Dataset content |
= Beginning of Section =

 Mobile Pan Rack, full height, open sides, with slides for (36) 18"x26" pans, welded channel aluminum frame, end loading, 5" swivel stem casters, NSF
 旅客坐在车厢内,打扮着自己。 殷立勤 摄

= End of Section =
= Beginning of Section =

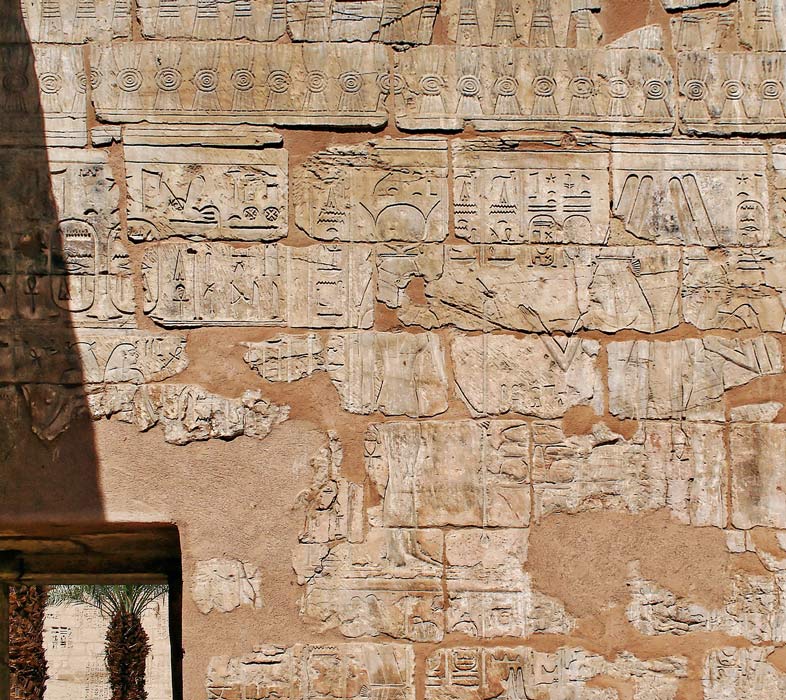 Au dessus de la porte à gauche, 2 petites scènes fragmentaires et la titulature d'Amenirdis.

= End of Section =

Problem description | For this exercise, repeat exactly the lines of the data above from the one with "Mobile Pan Rack, full" down to the one with "旅客坐在车厢内,打扮着自己。 殷立勤 摄", both end lines included.

Answer to the exercise |
 Mobile Pan Rack, full height, open sides, with slides for (36) 18"x26" pans, welded channel aluminum frame, end loading, 5" swivel stem casters, NSF
 旅客坐在车厢内,打扮着自己。 殷立勤 摄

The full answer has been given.